An easier way to facilitate this is with a couple of bash scripts and by utilizing a tool called GNU parallel. Included in the simulation-tools/ folder are two such scripts, corsika.sh and runbatch.sh.

At the top of these scripts, you will need to set some variables to locate various directories. These are your CORSIKA run/ directory, the directory where corsikaIOreader is installed in, and the directory you would like to place the output files in. For example,

RUNDIR=/home/nkorzoun/Software/corsika/corsika-77410/run
IODIR=/home/nkorzoun/Software/corsikaIOreader
OUTDIR=/home/nkorzoun/research/panoseti/corsika/batchrun

To quickly test that these scripts work, you can change the ERANGE field in the template to something small, like

ERANGE 1E3 1E3

then run the notebook to generate the batch.inp files, then execute

./runbatch

The scripts assume they are in the same directory as the steering files. Old files in the same directory (except the .inp files) are removed at the start of executing runbatch.sh. When completed, the scripts will leave the .telescope files in the CORSIKA run directory and the .root files are left in the corsikaIOreader directory, but are copied over to OUTDIR.

In corsika.sh is the line

parallel --verbose --jobs 16 --joblog joblog.txt ./corsika.sh {} {/.} ::: $THISDIR/batch*.inp

This will try to queue up all of the CORSIKA steering files you generated (as many as you want!) and split them on 16 different cores. You will want to adjust the --jobs flag depending on how many cores you want to be used up on your machine. They are not necessarily queued up in numeric order (a quirk of GNU parallel), which you can verify by looking at joblog.txt when the jobs complete. I usually just monitor their progress by keeping a terminal open with top, or even better, htop.

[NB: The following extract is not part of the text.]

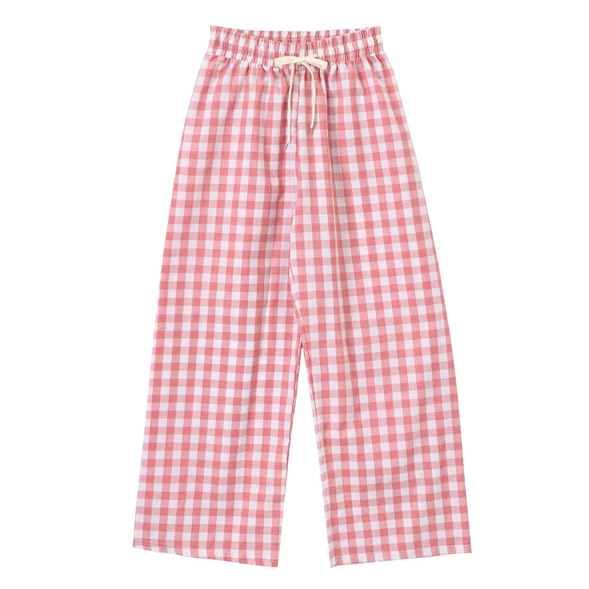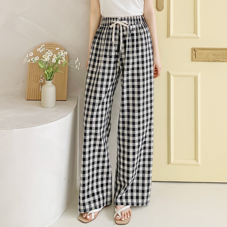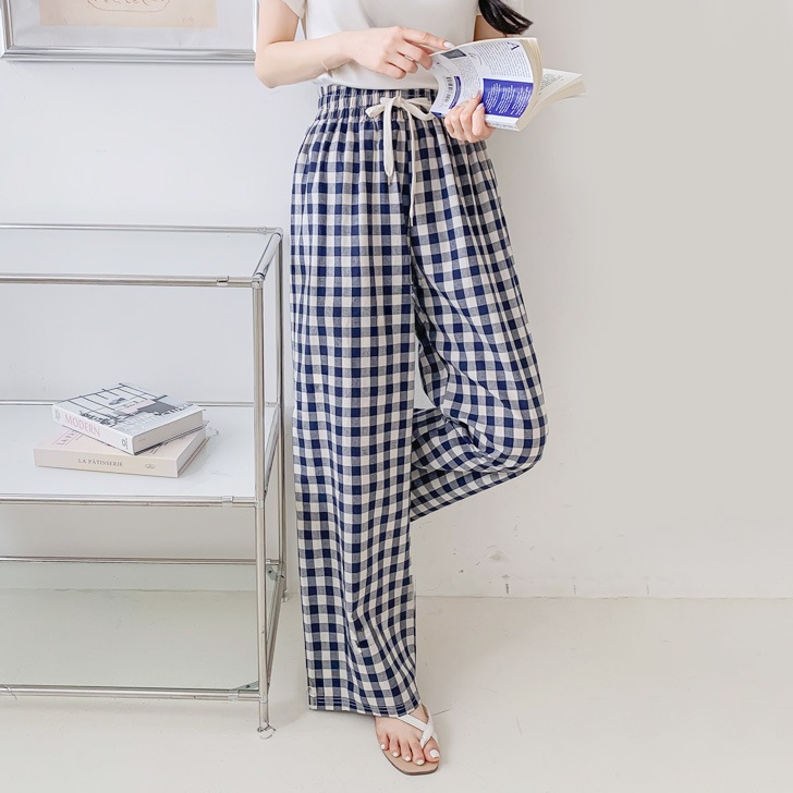 リアル スタイルリネンライクギンガムチェックドロストイージーワイドパンツ レディース ボトムス 夏 薄手 涼しい 涼感 ロング丈 ウエストゴム ハイウエスト ゆったり 大きめ 楽ちん おしゃれ 可愛い

In the end you will have many root files which is inconvenient for the purposes of running panodisplay.C (but great for executing the paramCSV function in parallel, see the next section). To combine the root files, simply type something like this

hadd -f _merged.root *.root

The underscore is nice for listing the merged file first in a directory filled with hundreds of smaller root files.

Running the pipeline on a cluster with a job scheduler (e.g. with SLURM)

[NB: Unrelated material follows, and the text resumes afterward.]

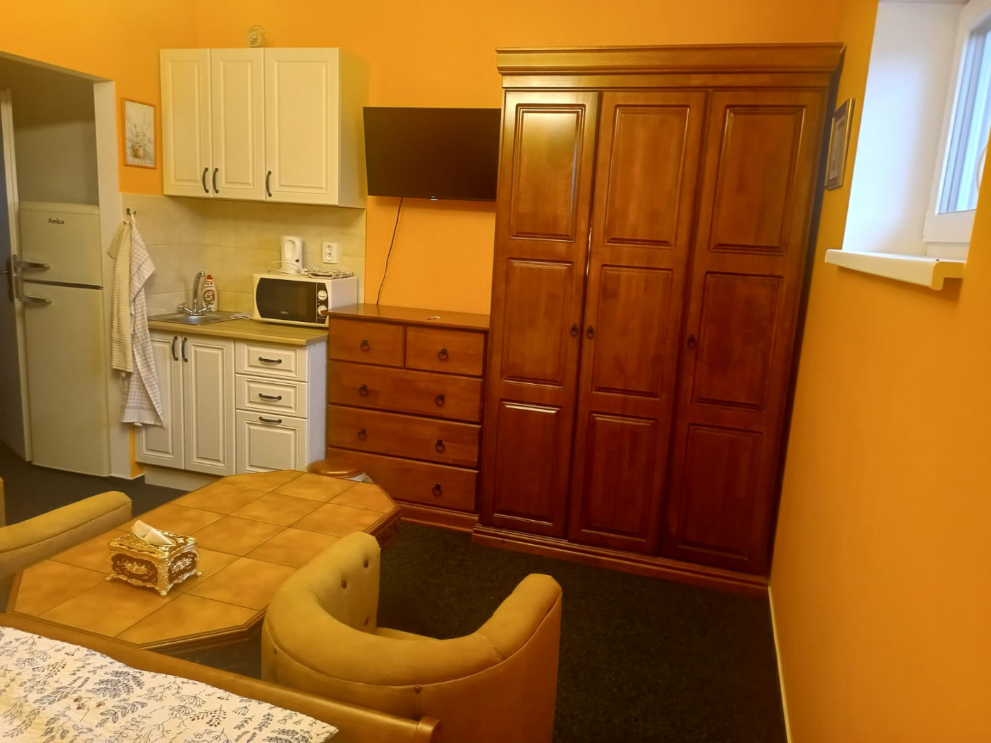 Pokoj č.209 je typický pro pár, který ocení útulnost malého pokoje ve tvaru čtverce. Je zde útulná malá kuchyňka a dobová obýváková stěna.

The above method is nice for having a few hundred showers to develop analysis tools for, but for something statistically significant we will need to run thousands or tens of thousands of showers at minimum. This can take weeks or months to run on your everyday work computer. In another repository is a compilation of scripts I use to submit jobs on a cluster that uses SLURM as its job scheduler. The workflow is very similar to the above, but modified to work on a shared computing cluster. Run these scripts at your own risk; I'm a novice at high performance computing and I have gotten emails from system administrators asking about jobs that stalled due to unsatisfied requirements from CORSIKA sims failing and disrupting the pipeline. These scripts could still be considered a work in progress, but for now they work well for my purposes with a small amount of supervision.

corsikaBatchGenerator.py is very similar to corsikaBatchGenerator.ipynb, but is written to be more easily called from a terminal. It also allows for the passing of arguments to take the place of editing the controller in the python notebook. Once the steering files are generated, the jobs are submitted in parallel and when CORSIKA completes, corsikaIOreader is also used in parallel to make the root files. Another script is called to run the paramCSV function in panodisplay.C, also in parallel. This generates as many .csv files as there are .root files, that are later stitched together like the root files. The files are then compressed for copying off of the cluster and onto another computer for further analysis. All data is kept in the zip files which includes the original steering files, the .telescope files, all .root files, all .csv files and the final merged products.